Dehāśucitā-vicāraḥ
Inquiry into the Impurity of the Body
गर्भस्थस्य स्मृतिर्यासीत्सा च तस्य प्रणश्यति । संमूर्छितेन दुःखेन योनियन्त्रनिपीडनात्
garbhasthasya smṛtiryāsītsā ca tasya praṇaśyati | saṃmūrchitena duḥkhena yoniyantranipīḍanāt
Whatever memory the embodied soul had while dwelling in the womb—that too is lost. Overwhelmed by suffering, it is crushed by the constriction of the womb’s mechanism (the birth-channel), and its former recollection perishes.
Suta Goswami
Tattva Level: pashu
Sthala Purana: Not a site narrative; the verse supports the saṃsāra-analysis: the jīva’s prenatal awareness is veiled at birth, enabling continued bondage and karmic repetition.
Significance: Prompts contemplation on why jīvas forget past-life lessons; encourages turning to Śiva as the revealer who removes tirodhāna.
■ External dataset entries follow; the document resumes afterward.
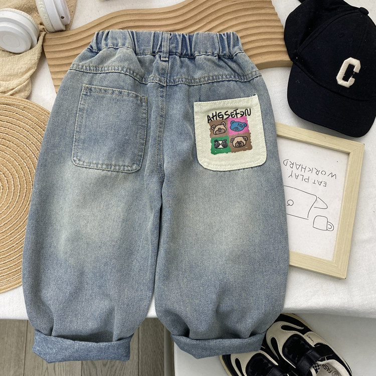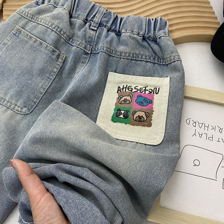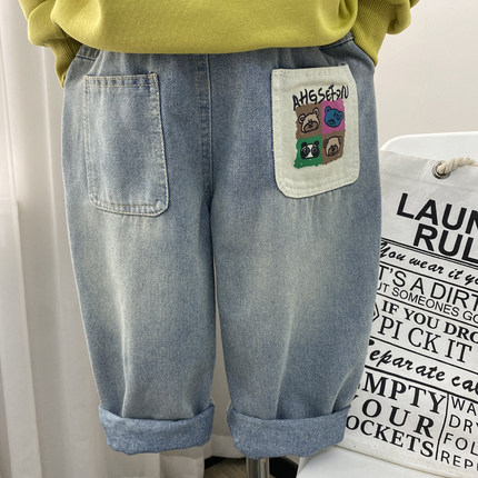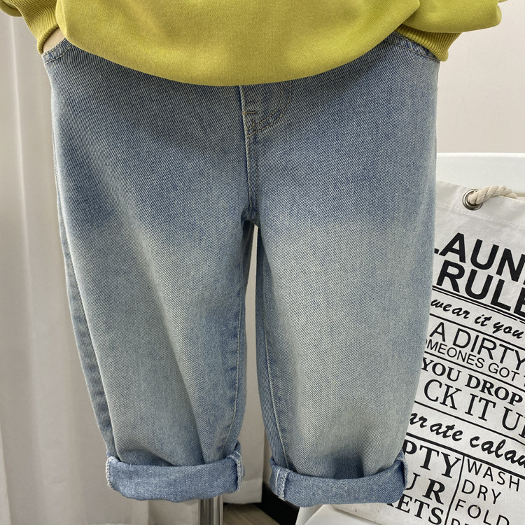 儿童软牛仔裤男童裤子春秋款2025新款中童小童男孩浅蓝色洋气韩版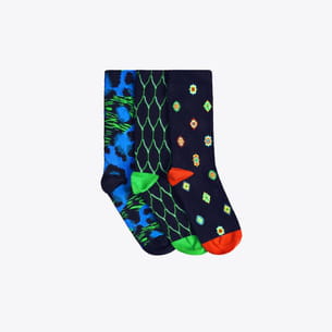 Lot de chaussettes imprimées bleu, vert et orange © H&M X Kenzo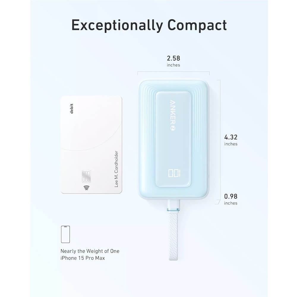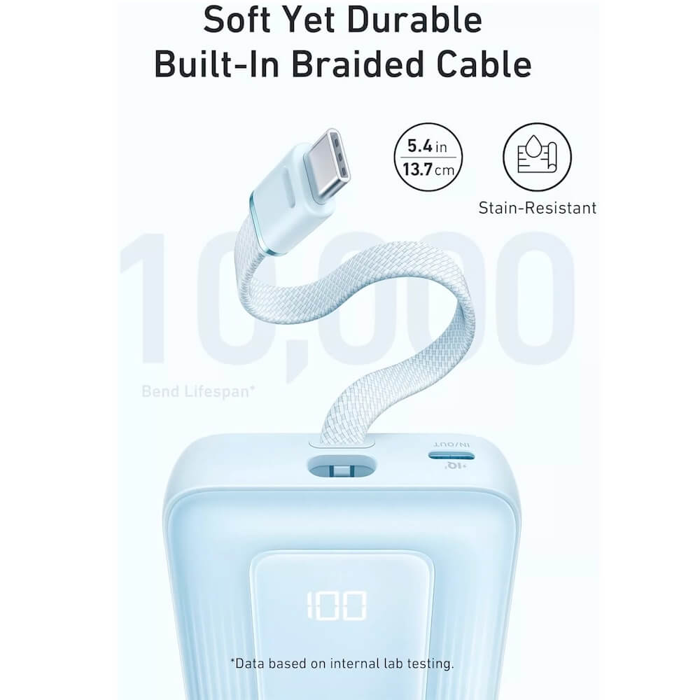 Външна батерия с вграден USB-C кабел, USB-C и USB-A портове и технология за бързо зареждане - Anker Zolo Power Bank 30W 10000 mAh (светлосин)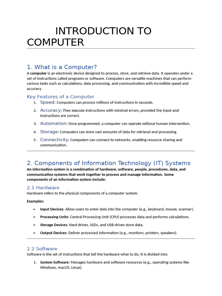 ITB notes SEC C - 14.08 what is computer ? what are the basic ...
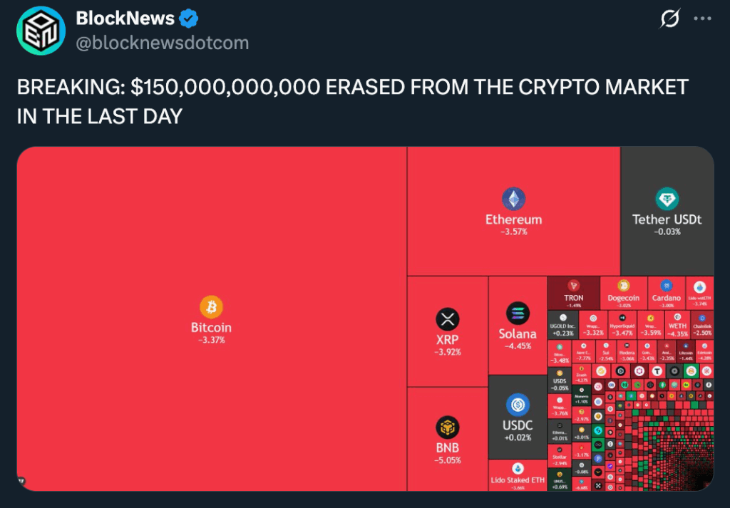The crypto market just got smashed again — another brutal red day that erased roughly $150 billion in total market value within 24 hours. Bitcoin, Ethereum, and most top altcoins all plunged as traders scrambled to exit positions. This wasn’t one single headline moment; it was a messy cocktail of leverage, fear, and fragile structure all detonating at once.

It highlights saṃsāric bondage: even if the soul gains insight in the womb, the shock and pain of birth veil that awareness, showing why liberation requires stable God-realization, not fleeting remembrance.
Because embodied memory is unreliable, the Purana emphasizes steady refuge in Saguna Shiva—through Linga-worship and devotion—so the mind is repeatedly reoriented to Pati (Shiva) beyond the veiling power of birth and karma.
A practical takeaway is daily japa of the Panchakshara (Om Namaḥ Śivāya) with disciplined remembrance (smaraṇa), supported by Shaiva sādhana such as Tripuṇḍra-bhasma and Rudrākṣa, to counter forgetfulness caused by suffering and embodiment.